It isn't that Marquette has no welfare cases. The county is 13 families away from that distinction. But for reasons ranging from disability to care of a child younger than three months, none of the 13 must enter a work program under the law, so the county can't compel them to take private jobs. Moreover, Marquette has put to work--or otherwise deflected--all applicants since last June.

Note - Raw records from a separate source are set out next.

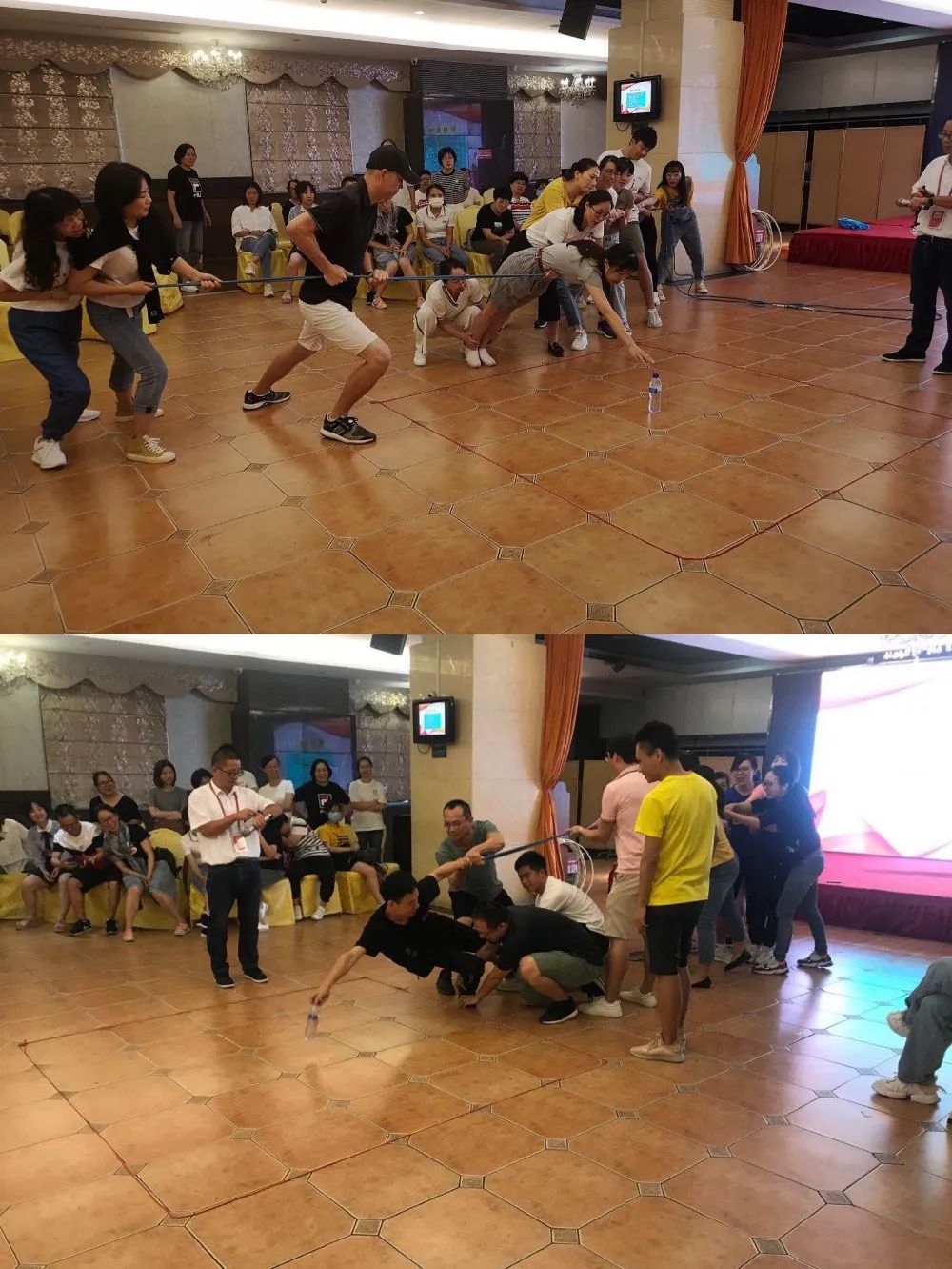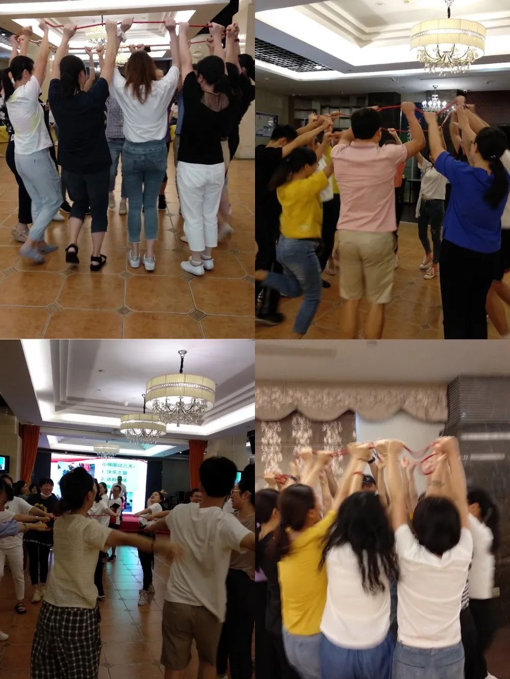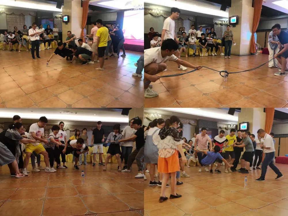 合作与竞赛单元包含合作挑战(小绳圈过关)、互帮互助(大海求生)、合作创新(智取核弹)三个小游戏。各个小队在挑战中一边实践一边改进,队员们献计献策,运用集体的智慧,寻找不同的过关方法,老师们体验到了团结的力量。
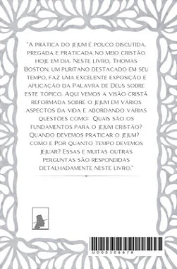 A prática do jejum é pouco discutida, pregada e praticada no meio cristão hoje em dia. Neste livro, Thomas Boston, um puritano destacado em seu tempo, faz uma excelente exposição e aplicação da Palavra de Deus sobre este tópico. Aqui vemos a visão cristã reformada sobre o jejum em vários aspectos da vida e abordando várias questões como: Quais são os fundamentos para o jejum cristão? Quando devemos praticar o jejum? como e Por quanto tempo devemos jejuar? Essas e muitas outras perguntas são respondidas detalhadamente neste livro.
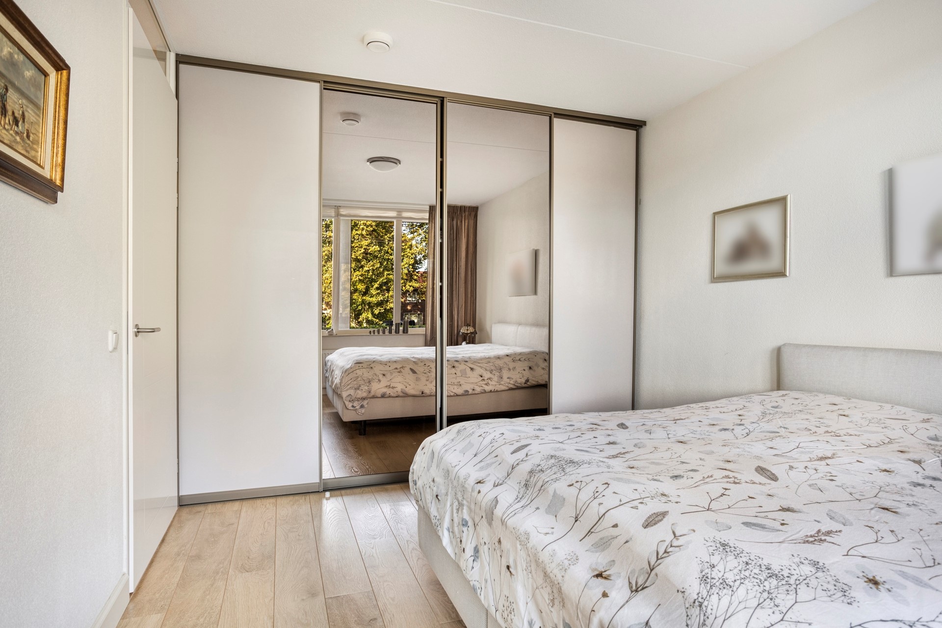 Aan de voorzijde, de koele kant van het appartement, bevinden zich de twee slaapkamers, beide van prima formaat. De grootste slaapkamer is voorzien van een inbouw(schuif)kast met rookglas-spiegeldeuren.

Local boosters attribute Marquette's extremely low welfare use in part to a work ethic that runs strong in this Norman Rockwell patch of small towns and farms scattered across south-central Wisconsin. "You know what work is at a very young age on a farm," says Judi Mayer of the Montello Area Chamber of Commerce. But welfare professionals say a key factor is the attitude of the local welfare office. Marquette's social services department has, in director Kenneth Ramminger's words, "an expectation of work." His staff knows the employers in the region, and inquiries about welfare turn quickly into referrals to local businesses that may be hiring, like Brakebush Brothers, a chicken-processing plant.

And there's Ramminger himself. "He's extremely energetic in everything he does," says University of Wisconsin welfare expert Thomas Kaplan. "If he decides his mission is that people should get jobs, I imagine little would stand in his way." Of course, with the work-eligible rolls down to zero, it may be time for him to find a new mission.